Initialization of the hidden states of torch.nn.lstm

Mingming_Qiu · March 26, 2022, 1:17pm

As the explanations of num_layers in this link: https://discuss.pytorch.org/t/what-is-num-layers-in-rnn-module/9843

if the output of hidden state of the first lstm is the input of the hidden state of the second lstm (number_layers=2 for torch.nn.lstm), why do we need to initialize the hidden state with the first dimension (representing the number of hidden states I suppose) being the num_layers? For example, the code below:

rnn = nn.LSTM(10, 20, 2)
input = torch.randn(5, 3, 10)
h0 = torch.randn(2, 3, 20)
c0 = torch.randn(2, 3, 20)
output, (hn, cn) = rnn(input, (h0, c0))

Mingming_Qiu · March 28, 2022, 9:43pm

Each lstm layer needs the input, hidden and cell states. The first lstm layer provides its output denoting the hidden state to the input of the second lstm, while the second lstm still needs its hidden and cell state values. Therefore, there are two initial hidden states being defined at the beginning.

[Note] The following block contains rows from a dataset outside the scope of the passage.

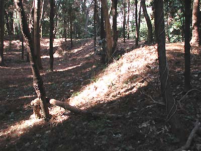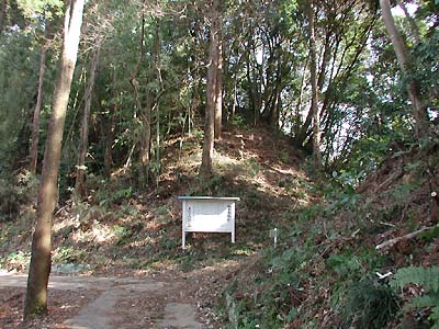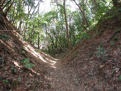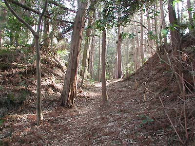 | 訪問記 | [2002/2/19]このお城へは辿り着くまでがたいへんです。今日は北側(このあたりをトウコウジビョウと言うらしい)に沿って細いオフロードを回っていったので心細かった。東山馬場に車を止めて城山、奥ノ山、倉跡、諏訪神社と歩き、改めてセッテイ山近くへ移動した。籔が深いと聞いていた「セッテイ山」が藪刈りされていてとても歩きやすかった。地元の「城址保存会」の方々の郷土に対する愛情が感じられました。 |
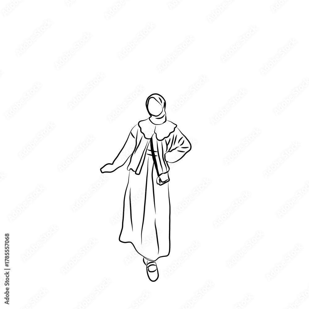 Tableau sur toile Stylish Muslim Woman in Peter Pan Collar Outfit Line Art ​
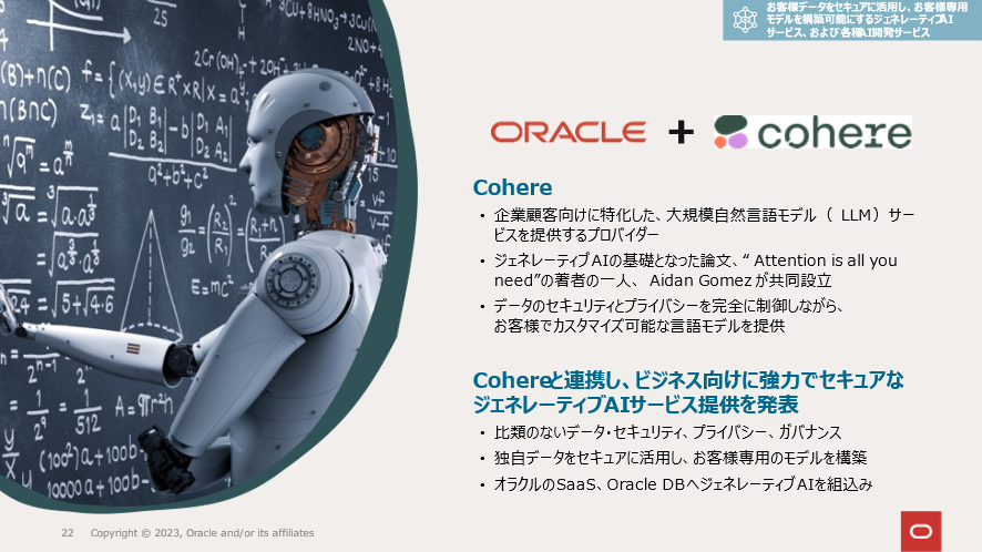 また生成AIに関してはエンタープライズ向けのResponsible AI(責任のあるAI)を提供されているCohere社との協業でサービスをリリースしていく計画で、既にHCM、ERP、SCMでいくつかのユースケースを発表しています。
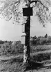 Brevlåda för Klastorp, Kungsholmen, Stockholm. Posten inlägges på ena sidan om det plank, vari brevlådan är anbragt och hämtas på andra sidan. I lådan har en fågel sitt bo sedan 2 år tillbaka.
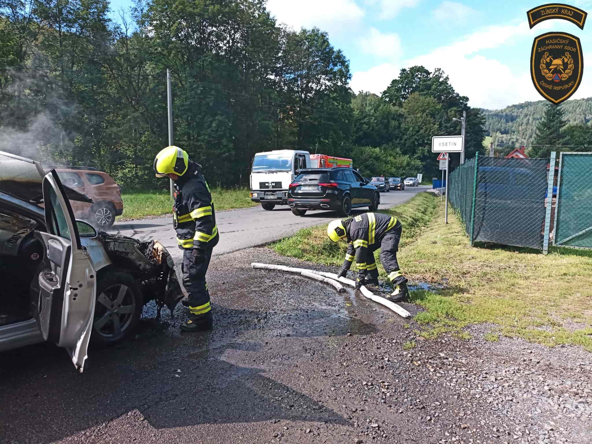 Z běžné jízdy se během okamžiku stala nebezpečná situace. V motorové části osobního auta za jízdy vyšlehl požár. Díky duchapřítomnosti posádky se událost obešla bez zranění. Hasiči zasáhli rychle a zabránili větším škodám.
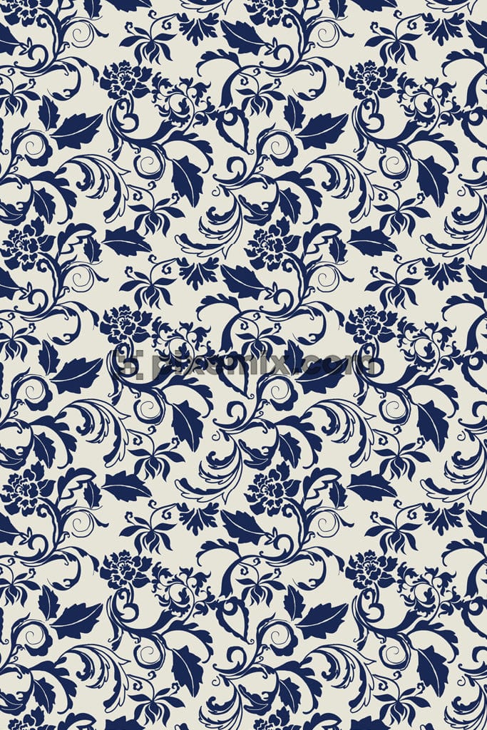 Monochrome florals and leaves and florals product graphic with seamless repeat pattern
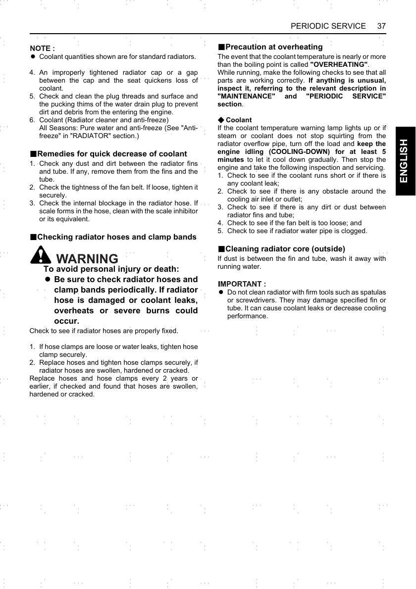 clamp bands periodically. If radiator
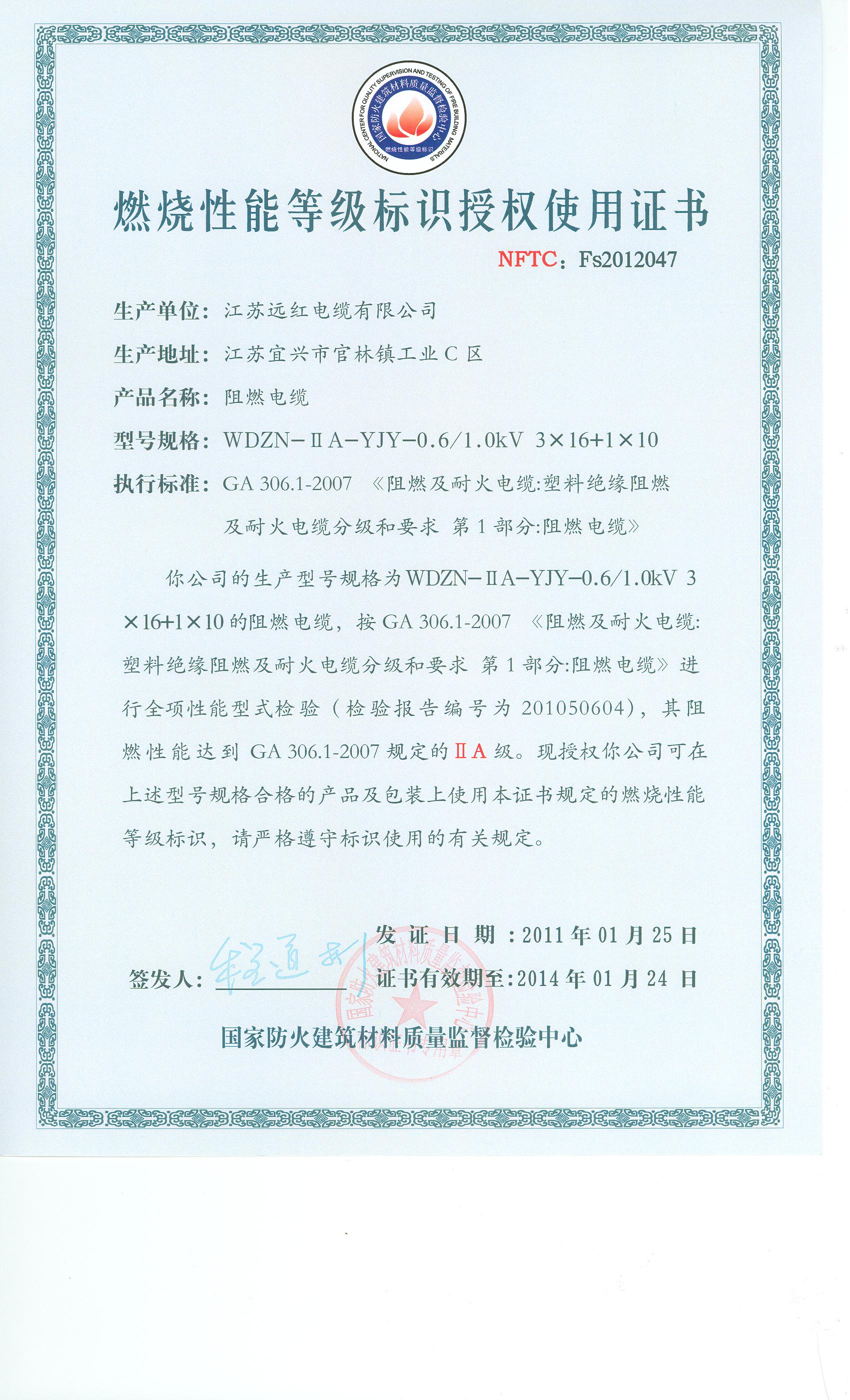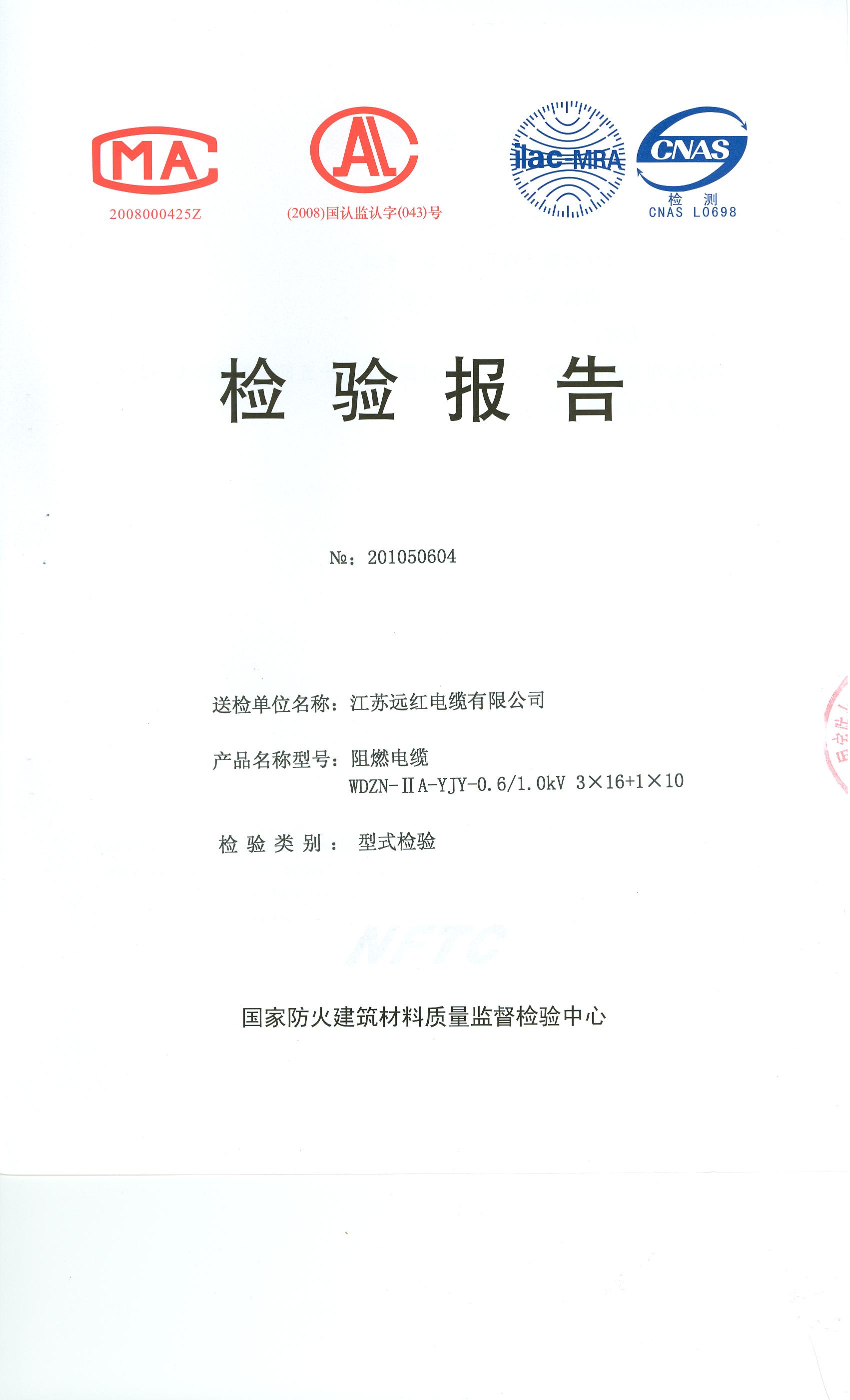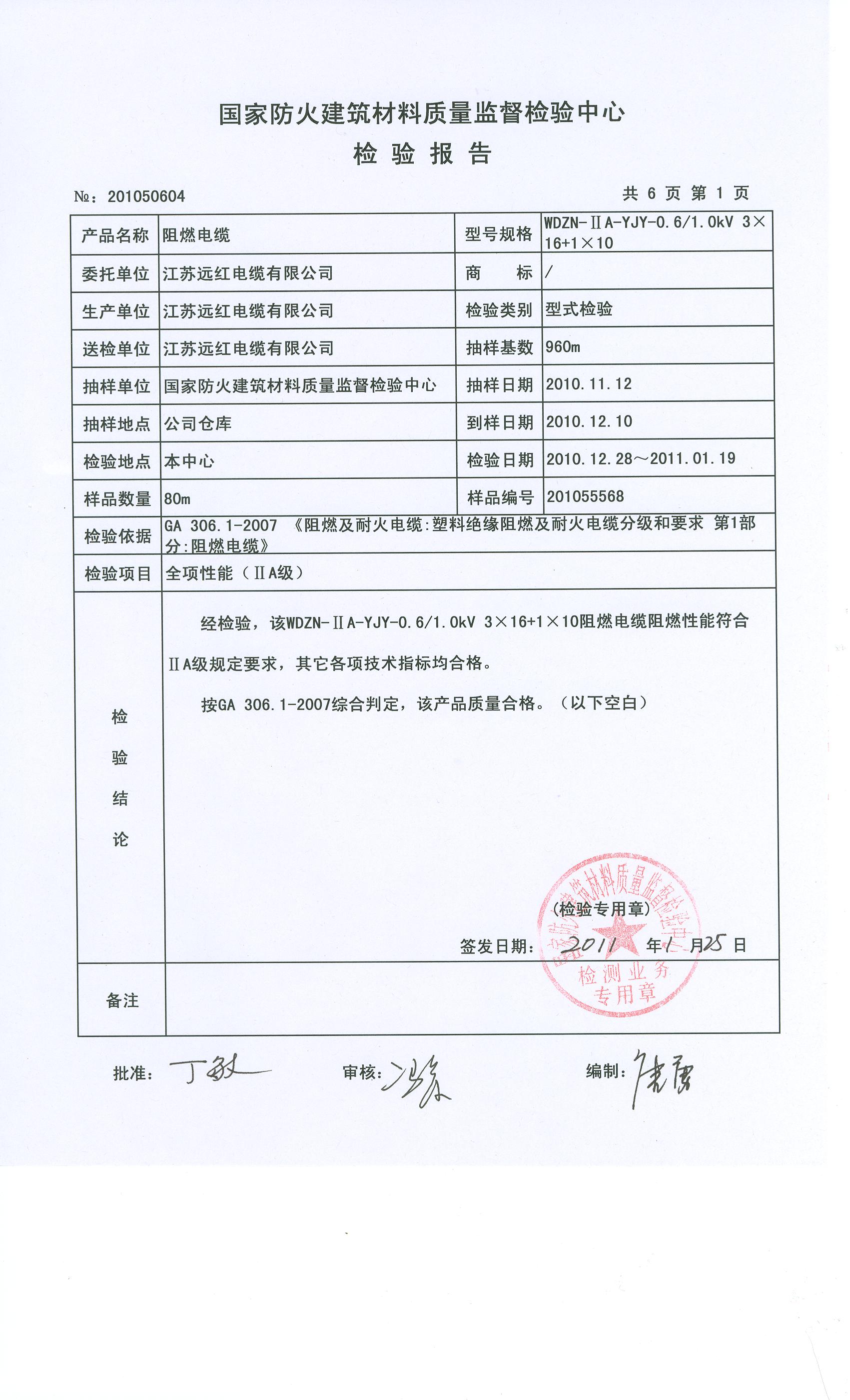 经检验,该WDZN-ⅡA-YJY-0.6/1.0kV 3×16+1×10阻燃电缆耐火性能符合ⅡA级规定要求,其它各项技术指标均合格。 按GA 306.1-2007综合判定,该产品质量合格。(以下空白)

Lei_Shi1 · October 24, 2022, 7:29pm

Hi Qiu,
I have the same confusion as yours. But I think the output of the 1st layer, i.e h1, is the initial hidden state rather than input of the 2nd layer. And the input of 2nd layer has nothing with hidden state values.

Mingming_Qiu · January 25, 2023, 2:27am

I think the example that I have given does not correspond to the figures that you’ve provided where at each time step there is only one lstm cell, but corresponds to the situation where there are two lstm cells for a lstm. As shown in the figure below, the two initial hidden states are respectively defined for the lstm cell in yellow and red in the first column which corresponds to the initialization.